What makes Naked City so unique is this back and forth between familiar modes and anarchic noise. You literally never have a clue what you're going to hear next. One minute you're listening to an agonized cover of Ornette Coleman's "Lonely Woman," and the next you are hearing a lighthearted and waggish rendition of "The James Bond Theme." Other song titles include "You will be shot," "Igneous Ejaculation," "Blood Duster" and, my favorite, "Fuck the Facts" (the sweetest 16 seconds of sound yet to be recorded on compact disc.)

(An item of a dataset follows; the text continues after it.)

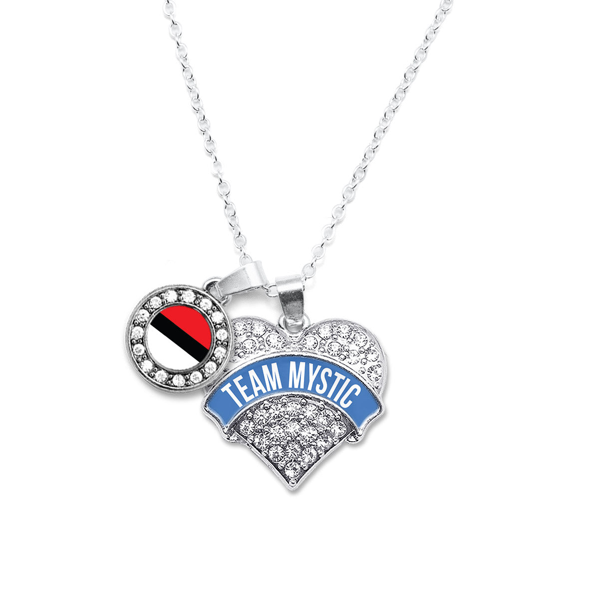 Our sparkling classic necklace, equipped with a stylish lobster claw clasp and the Team Mystic Duo pave heart charm, is crafted from white metal with a silver plated finish and accented with cubic zirconia stones.

The rest of Zorn's band consists of Wayne Horvitz on keyboards, Fred Frith on bass and Joey Baron on drums. Though you would be hard-pressed to decipher any actual lyrics on the CD, it is dappled with Tazmanian Devil type vocals from special guest Yamatsuka Eye.
What is the relevance of this album in the dawn of 2005? To me it demonstrates the innumerable directions that jazz, and music generally, can still take. Decades after the free jazz and fusion revolutions, John Zorn still found a way to do something totally original with his music. Though Naked City was released 16 years ago, those who hear it for the first time in 2005 are sure to confess that they've never heard anything quite like it. Hence the flabbergasting genius of Zorn. His greatest accomplishment is showing us that musical possibilities are limited only by the celestial boundaries of the imagination. And with the right kind of mind, you can come up with some crazy shit.
For those intrigued by the Zorn sound, head to the Gardner Museum in Boston on Saturday and Sunday, Jan. 29 and 30, at 1 p.m. Though the music will be played by a string quartet, John Zorn will be present.